13:11LauJensenC-x q IIRC
13:11LauJensenBut you might have to ask one of the guys who actually use it
13:11LauJensenI found it horribly annoying
13:11RaynesLauJensen: I can highlight + backspace to delete it, but that is annoying.
13:12RaynesIt's C-q you were thinking of, but that doesn't work with deletions it seems.
13:12RaynesIt's a little annoying at times, but it keeps me safe in the jungle at night.
13:12the-kennyDel works for me
13:12the-kennye.g. backwards deleting
13:13the-kennyMaybe it's a bug here
13:13the-kennybut it's a useful bug
13:13Raynesthe-kenny: Del completely disregards the parenthesis and goes behind it.

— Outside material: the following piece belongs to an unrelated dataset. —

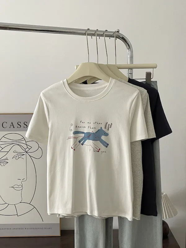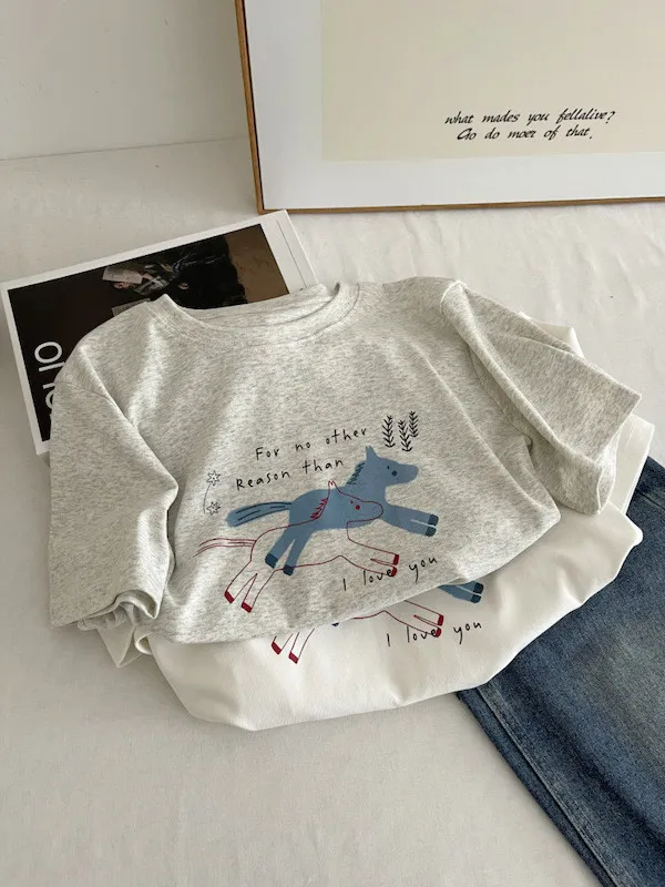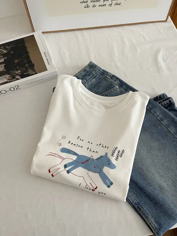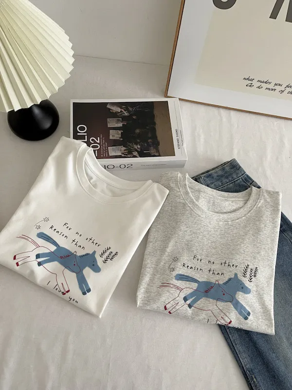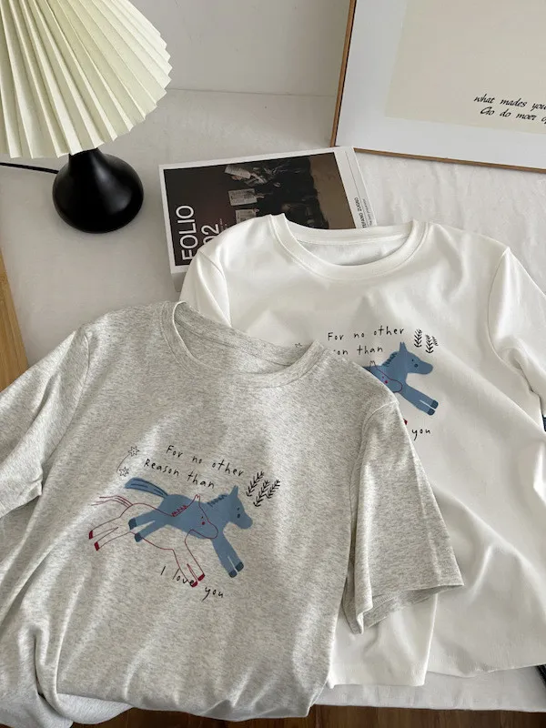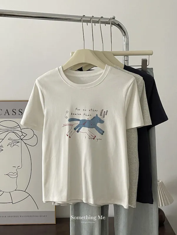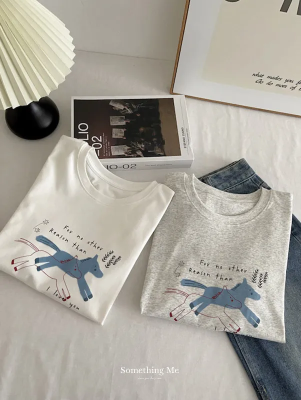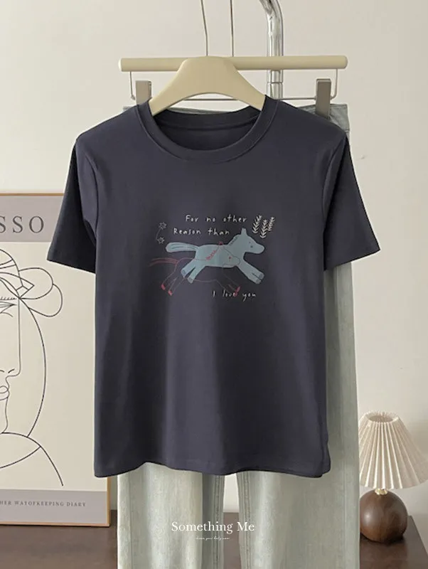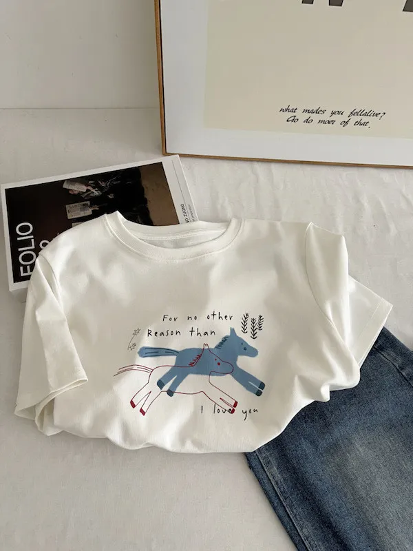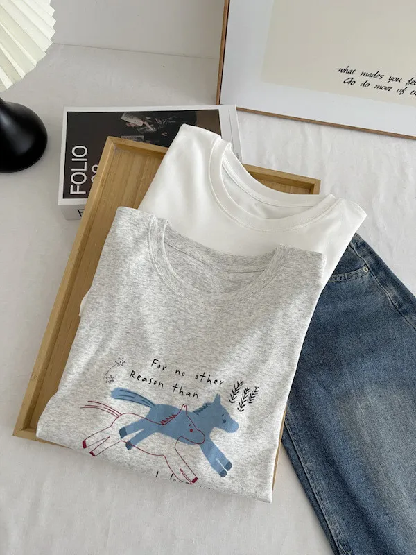 奔跑小馬手繪字母短袖Tee 3色

13:13the-kennyRaynes: Heh, then it's a bug on my system
13:14Raynesthe-kenny: I want your bugs. :(
13:15ChousukeRaynes: you can use C-q to insert a matching parenthesis
13:15Chousukethen delete
13:15stuartsierraI use C-SPACE to select, then C-w to delete
13:16RaynesThe most annoying thing about paredit IMO is the fact that if you need to wrap something in parens, you have to C-LEFT inside of empty parens, and it leaves a space at the beginning so you have to move forward once and then backspace.
13:16Raynes:(
13:17technomancyRaynes: C-u backspace
13:17stuartsierraRaynes: try M-( on the thing you want to wrap
13:17the-kennyYes, M-( wraps things inside parens
13:17the-kennyIf you want to wrap multiple sexps, put them in a region before M-(
13:18stuartsierrathe-kenny: ooh, didn't know that trick
13:18RaynesI usually just barf, but M-( will get rid of the space problem.
13:18Raynestechnomancy: Awesome.
13:18Raynestechnomancy: What does C-u mean?
13:18technomancyactually if the region is active you don't need M-(, just ( will do it
13:18technomancyRaynes: "prefix arg"
13:19the-kennytechnomancy: Oh, cool
13:19technomancyit's like alternate-fire in a 3D shooter.
13:19RaynesNeat.
13:19stuartsierrathe-kenny: M-( on a region doesn't work for me
13:19stuartsierrabut C-u 4 M-( wraps the next 4 exprs
13:19technomancynice
13:23angermancan I somehow figure out what my java process is doing right now?
13:24lypanovoh. LauJensen hates me now *sad*
13:24LauJensenhaha, ofc not
13:25lypanovactually its probably a good idea for me to disappear anyway till i've finished joy of and the various videos
13:25AWizzArdangerman: http://java.sun.com/javase/6/docs/api/java/lang/Thread.html may have something for you, or http://java.sun.com/javase/6/docs/api/java/lang/System.html
13:25lypanovLauJensen: ;) :D
13:26angermanAWizzArd: there must be something fishy going on though. jvisualvm just froze
13:26LauJensenNot on my account, this is the place to be for questions
13:26lypanovLauJensen: tbh. i'd forgotten how much time reading irc can take, so while i know its a joke, i will go poof for a week or two :)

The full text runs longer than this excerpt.